**Work item**
Quote the whole listing exactly. Leave the pictures out of your copy.

**Exercise data**
■ ■ ■
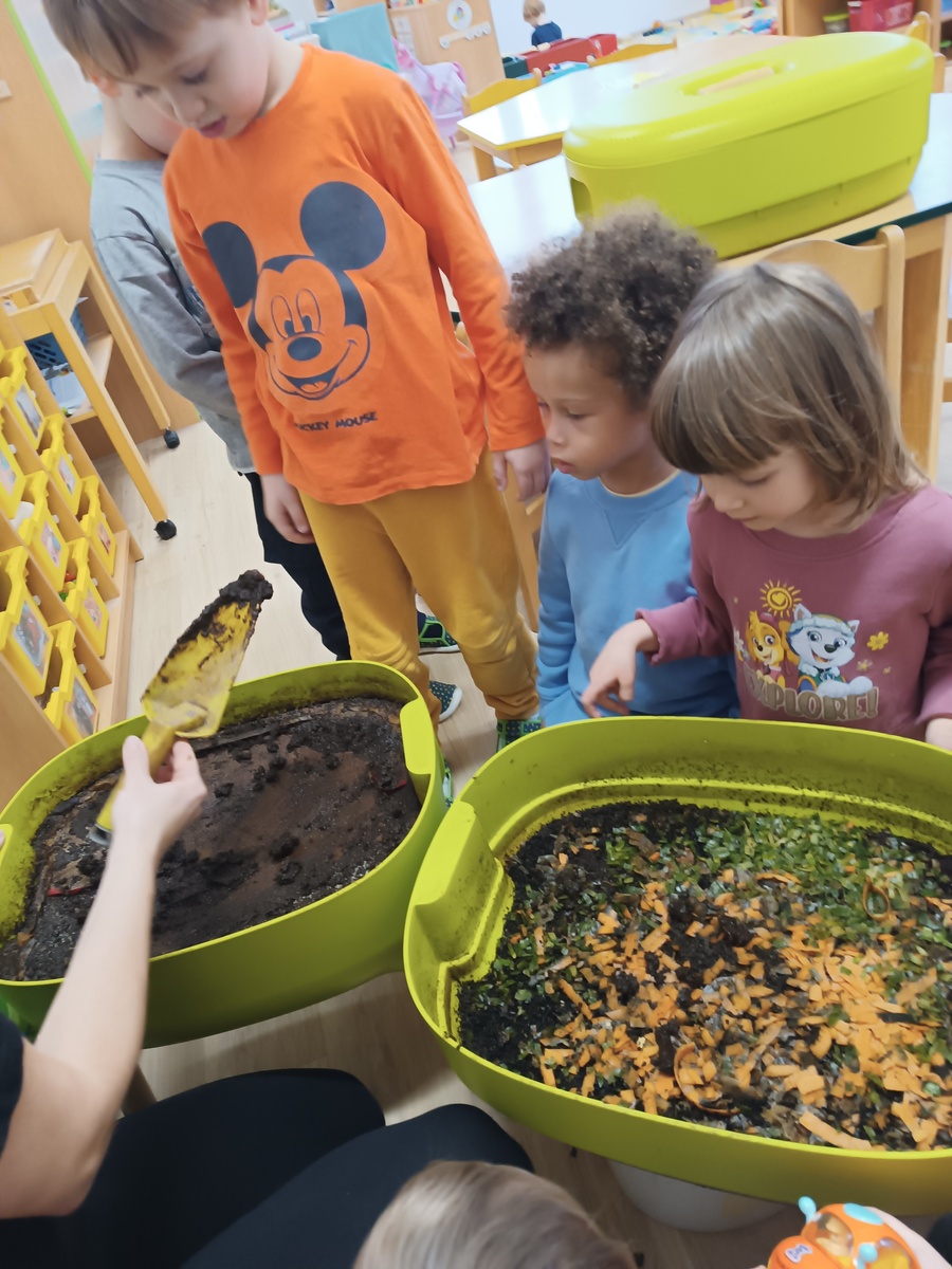 Děti v naší školce rádi pomáhají při krmení i čištění ubykací pro školková zvířátka. Tento týden jsme čistili důlkadně vermikompostér žížalám. Děti viděly jak se musí žížalky přendavat, jaký vznikl kompost a jak se stáčí žížalí čaj (hnojivo pro květiny). Dále jsme po zimě vyčistili Vermikárium, kde jsme museli odchytit matku s mravenci. Dětem se to moc líbilo. Péče o králíka je každodenní rutinou, u které se děti rády střídají.
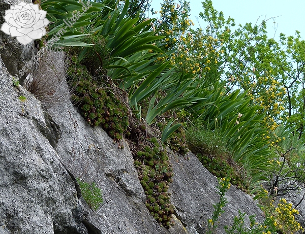 Kubed is a village in the Primorska region in Slovenia. Above the village there is a natural rock wall. On top of the wall is an old fortified church called Sveti Florijan (Holy Florijan). There are a lot of houseleeks on the wall. However, I believe that these are an old introduction of cultivated plants and not a natural locality because:
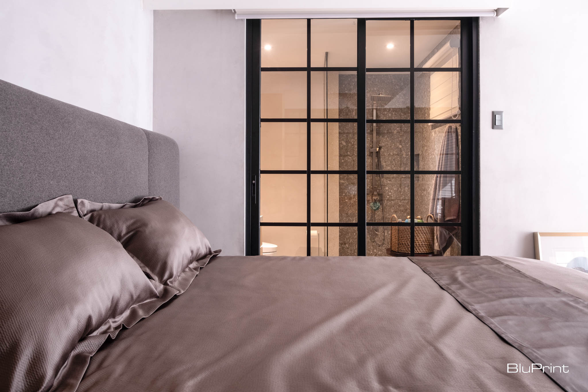 The bathroom is on the left side of the bed while the right side occupies the closet and vanity area. Ravelas even achieved a more seamless interior design by keeping glass doors as partitions for these private rooms.
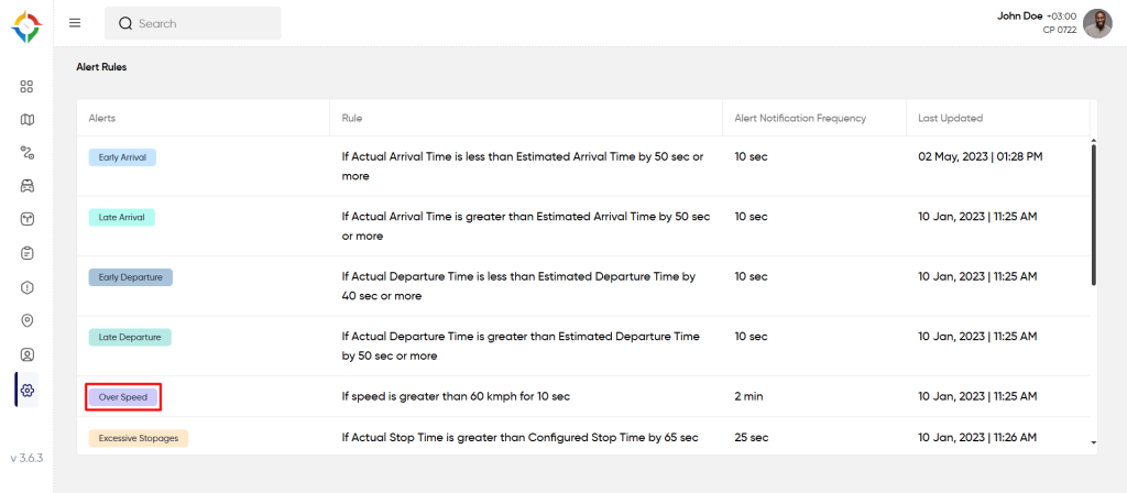 Step 1: Click on the “Overspeed” from the “Alert Rules” list screen as shown below:
■ ■ ■
**Output below**
 Děti v naší školce rádi pomáhají při krmení i čištění ubykací pro školková zvířátka. Tento týden jsme čistili důlkadně vermikompostér žížalám. Děti viděly jak se musí žížalky přendavat, jaký vznikl kompost a jak se stáčí žížalí čaj (hnojivo pro květiny). Dále jsme po zimě vyčistili Vermikárium, kde jsme museli odchytit matku s mravenci. Dětem se to moc líbilo. Péče o králíka je každodenní rutinou, u které se děti rády střídají.
 Kubed is a village in the Primorska region in Slovenia. Above the village there is a natural rock wall. On top of the wall is an old fortified church called Sveti Florijan (Holy Florijan). There are a lot of houseleeks on the wall. However, I believe that these are an old introduction of cultivated plants and not a natural locality because:
 The bathroom is on the left side of the bed while the right side occupies the closet and vanity area. Ravelas even achieved a more seamless interior design by keeping glass doors as partitions for these private rooms.
 Step 1: Click on the “Overspeed” from the “Alert Rules” list screen as shown below:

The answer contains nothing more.